[Stored items from a collection]
*-*-*

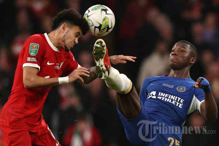 Gelandang Liverpool Kolombia #07 Luis Diaz (Kiri) bersaing dengan gelandang Chelsea Ekuador #25 Moises Caicedo (kanan) pada pertandingan sepak bola final Piala Liga Inggris antara Chelsea dan Liverpool di stadion Wembley, di London, pada 25 Februari 2024. (Photo by Adrian DENNIS / AFP)
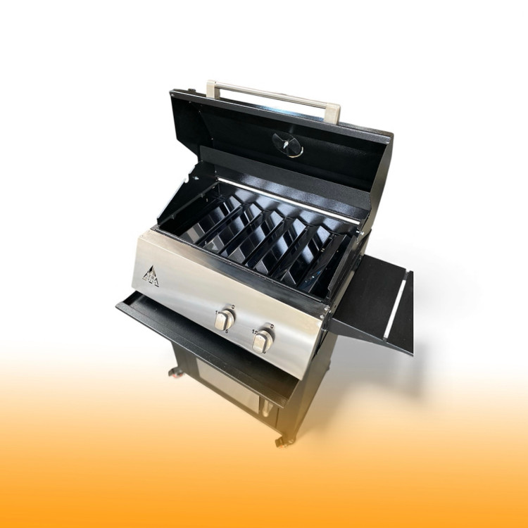 دارای ۶ عدد ناودانی استیل و شلف گریل برای پخت غذای رژیمی و میز کار ۳۰ سانتی فلزی قابل استفاده در هر طرف باربیکیو
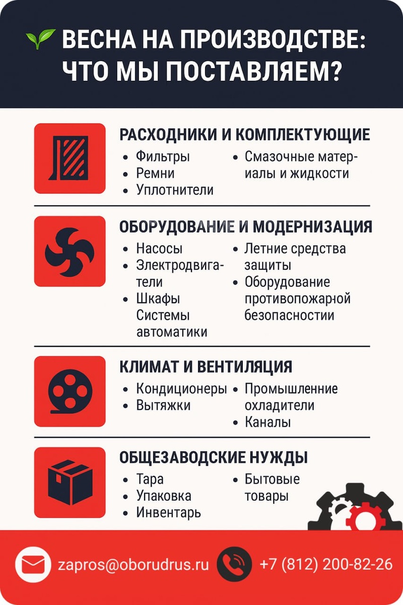 🍀 ВЕСНА НА ПРОИЗВОДСТВЕ: ЧТО МЫ МОЖЕМ ПОСТАВИТЬ Весной заводы начинают активную подготовку к новому производственному сезону. А мы — к быстрым поставкам нужного оборудования и комплектующих. 🔧 Что особенно востребовано сейчас, и что мы можем быстро поставить: ▪️ Запорно-регулирующая арматура — краны, клапаны, задвижки ▪️ Фильтры и вентиляционные элементы — для очистки воздуха и жидкости ▪️ Кабельная продукция и электрика — в том числе для взрывозащищенных зон ▪️ Подшипники и муфты — любые типоразмеры, в наличии ▪️ Промышленные насосы — в том числе дренажные, химические, шестеренчатые 🚗 Всё — в срок, с проверенным качеством и консультацией специалистов. ✉️ Пишите — рассчитаем и отгрузим в кратчайшие сроки!
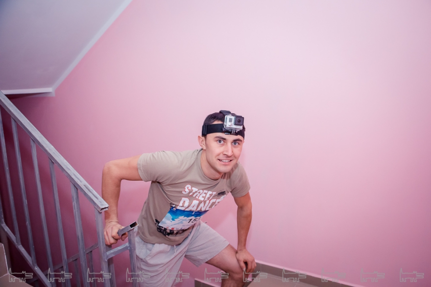Тем не менее, около 120 парней и 40 женщин преодолели все ступеньки. Сначала им нужно было подняться на два этажа из парковки, пробежать к входу здания - а далее только розовые стены, бесконечные пролеты и борьба с собственными возможностями. Помощь скорой помощи понадобилась одному из участников - кажется, ему стало плохо от обезвоживания.
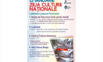 • pe 15 ianuarie se împlinesc 174 ani de la nașterea poetului Mihai Eminescu, iar Biblioteca Județeană a pregătit mai multe evenimente Ziua de 15...
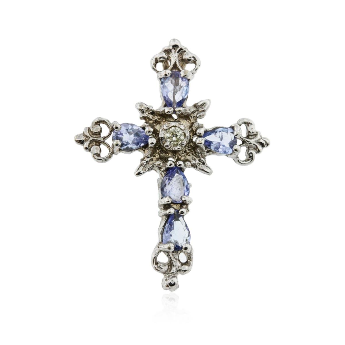 One cross pendant featuring: 10KT white gold weighing 1.80 grams containing five tanzanites with a total weight of 1.25ct and one round diamond with a total weight of 0.03ct.
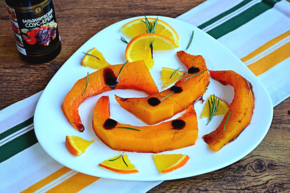 Когда блюдо будет готово, полить его медом и подавать. Для тех, кто предпочитает холодные десерты, можно дать тыкве остыть — она будет вкусной в любом виде. Особую изюминку придаст подача с бальзамическим кремом, который дополнит вкусовую палитру.
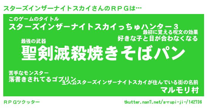 | 胡散臭い通販商品みたいなあだ名 | 『必ず成功する霊験あらたかなお札…その名も「スターズインザーナイトスカイ」』 |
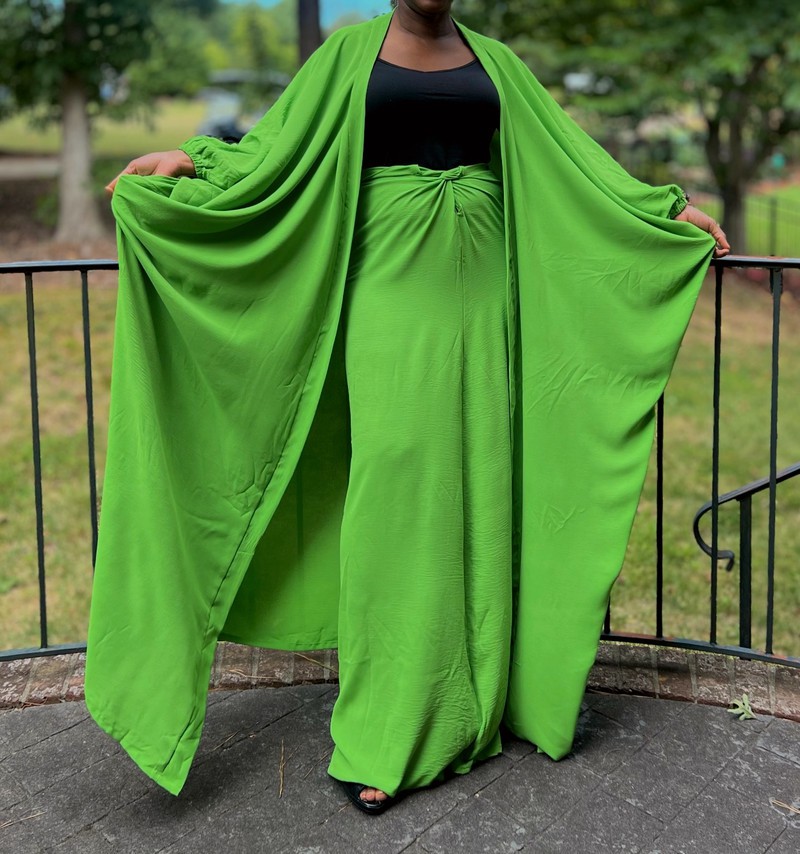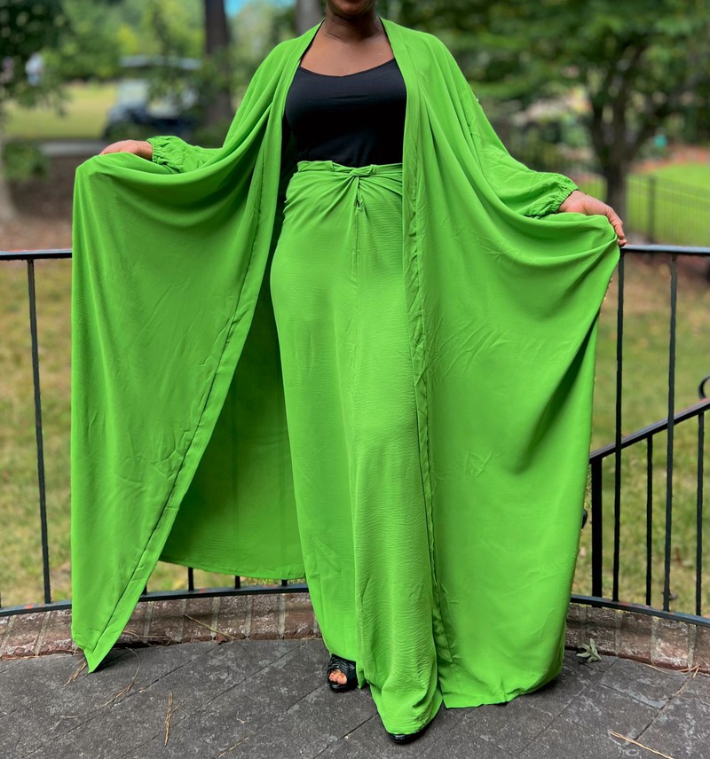 Two Piece Oversized crepe Maxi Cardigan top and wrap Skirt set
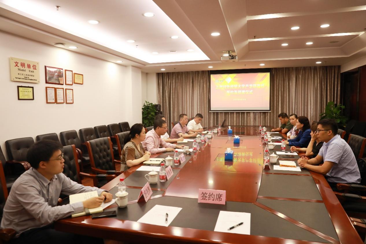 裴瑱和张健分别代表双方签订产学研基地合作框架协议。
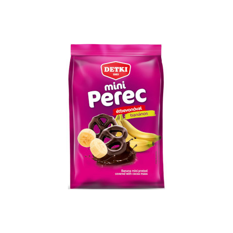 Detki 160g Mini Perec Banános ízű étbevonómasszával mártva Fedezd fel a Detki Mini Perec különleges világát: banános ízű étbevonómasszával mártva, mely roppanós külső és lágy, édes belső harmóniájával kényezteti az ízlelőbimbókat. A 160 g-os csomag p
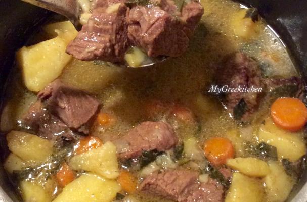 Vrasto Soup. Boiled Beef with Vegetables and Egg-Lemon Soup
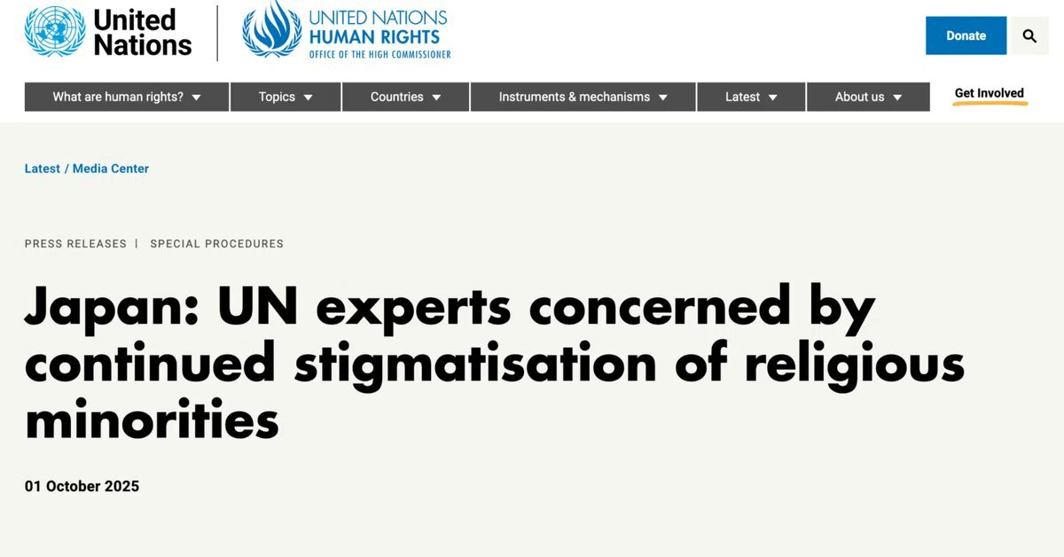 ━━━[速報🚨]━━━ 旧統一教会解散決定に対し、国連専門家が国際法違反を警告! #国連 人権高等弁務官事務所は、旧統一教会に対する東京地裁の解散決定等に関して、国連特別報告者が国際法違反を警告したとのプレスリリースを発出しました。 ━━━━━━━━━━━━ ◇
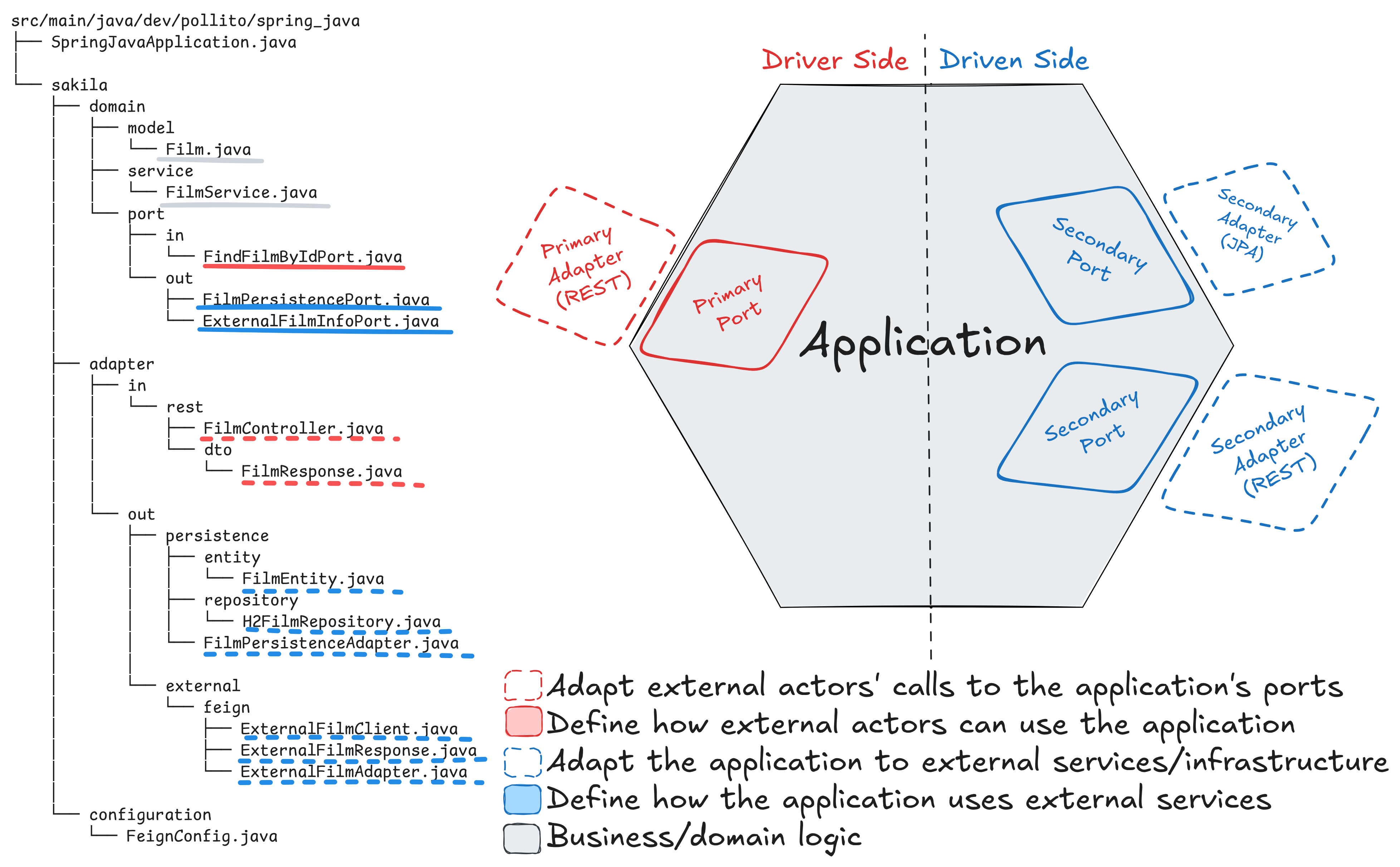 - Los puertos (interfaces) aseguran acoplamiento flexible entre estas capas, haciendo la aplicación más mantenible y testeable.

*-*-*

* [Problem to work on] Please transcribe exactly the lines from the one containing "Когда блюдо будет" through the final line of the data, including both, and nothing else. Pictures are to be left out.

* [Solution to this problem]
 Когда блюдо будет готово, полить его медом и подавать. Для тех, кто предпочитает холодные десерты, можно дать тыкве остыть — она будет вкусной в любом виде. Особую изюминку придаст подача с бальзамическим кремом, который дополнит вкусовую палитру.
 | 胡散臭い通販商品みたいなあだ名 | 『必ず成功する霊験あらたかなお札…その名も「スターズインザーナイトスカイ」』 |
 Two Piece Oversized crepe Maxi Cardigan top and wrap Skirt set
 裴瑱和张健分别代表双方签订产学研基地合作框架协议。
 Detki 160g Mini Perec Banános ízű étbevonómasszával mártva Fedezd fel a Detki Mini Perec különleges világát: banános ízű étbevonómasszával mártva, mely roppanós külső és lágy, édes belső harmóniájával kényezteti az ízlelőbimbókat. A 160 g-os csomag p
 Vrasto Soup. Boiled Beef with Vegetables and Egg-Lemon Soup
 ━━━[速報🚨]━━━ 旧統一教会解散決定に対し、国連専門家が国際法違反を警告! #国連 人権高等弁務官事務所は、旧統一教会に対する東京地裁の解散決定等に関して、国連特別報告者が国際法違反を警告したとのプレスリリースを発出しました。 ━━━━━━━━━━━━ ◇
 - Los puertos (interfaces) aseguran acoplamiento flexible entre estas capas, haciendo la aplicación más mantenible y testeable.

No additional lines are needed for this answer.